Edgar Lowman, of the Wallula Cash Store in Wallula, Wa., had quite an unusual adventure returning from Portland Sunday.

After piloting Mrs. Edgar Lowman and son Kenneth to Portland safely, on their journey to San Diego, Ca., where they expect to reside permanently, Edgar enjoyed the sights of the Big City and evidently was dog tired when evening came and it was time to resume his journey homeward.

The train leaving Portland had not cleared the city limits before Edgar fell into a deep slumber, and probably the excitement of the day's adventure in Portland, seeing two ball games, and the tall buildings, caused him to walk in his sleep.

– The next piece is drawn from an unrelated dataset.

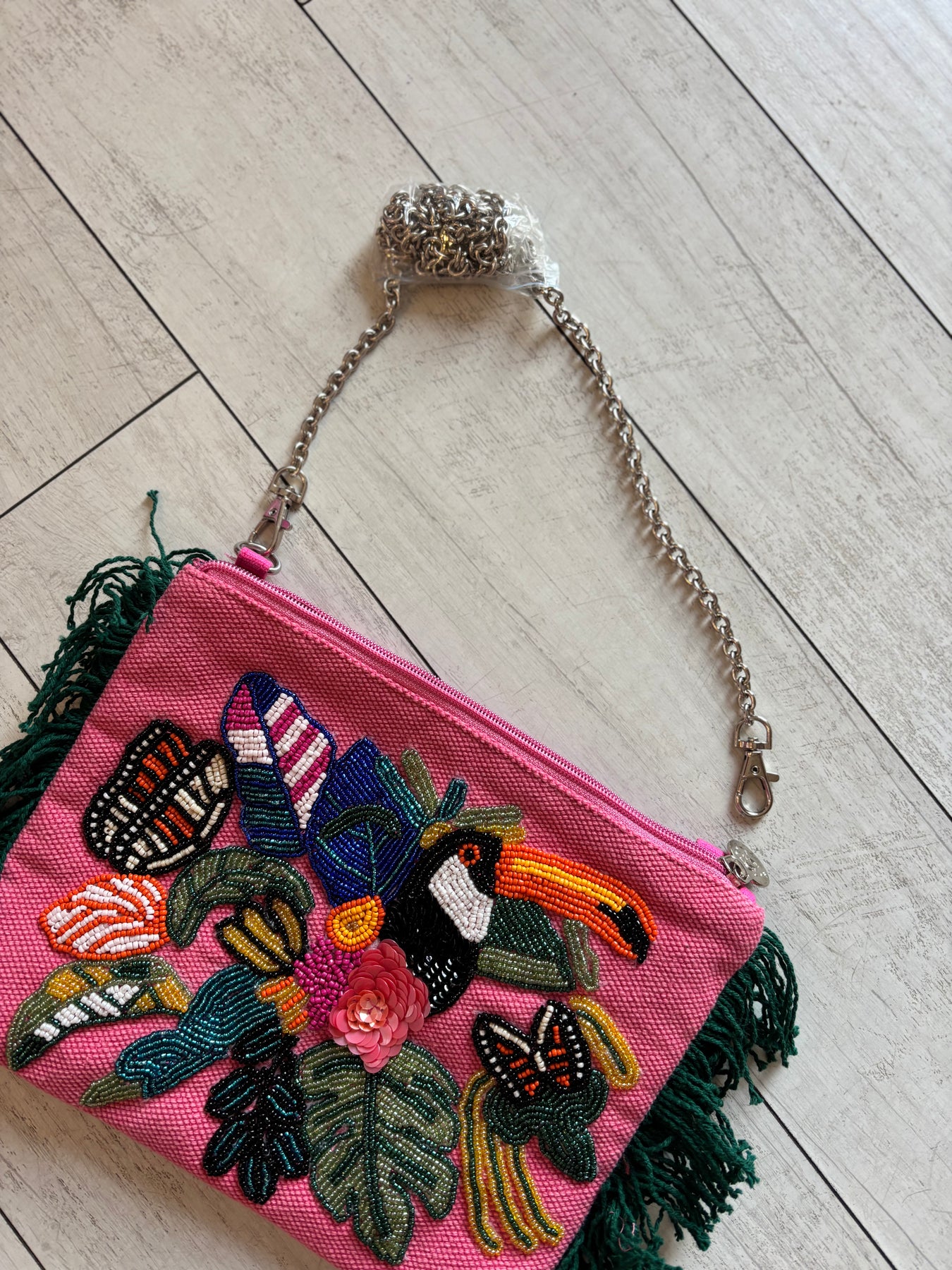Fringed Clutch with removable crossbody chain

From his account of the unusual experience on the train, it seems that he occupied the wrong seat, one that a passenger had occupied with a ticket to Arlington, Ore., The Conductor coming through the coach shook Edgar roughly and whispered in his ear, "Here's where you get off." Edgar being thus rudely awakened from his slumbers, grabbed his hat and cane and made a flying leap from the train which had almost come to a stop for his untimely exit.

After rubbing the dust from his eyes, and gathering disconnected objects through his orbs, the first thing that loomed up through his distorted vision, was the large yellow depot sign, the same as the one in Wallula, but the sign board read Arlington, Ore. The train had already disappeared down the track.

Edgar had to purchase another ticket to Wallula via Pendleton and Walla Walla, arriving at Wallula at noon on Monday. That is the reason the post office in the store was not open on time and consequently delayed receipt of the mail at the usual hour. Geo. H. Wheeler is the only one that has registered a complaint, account of not being able to get his mail on time.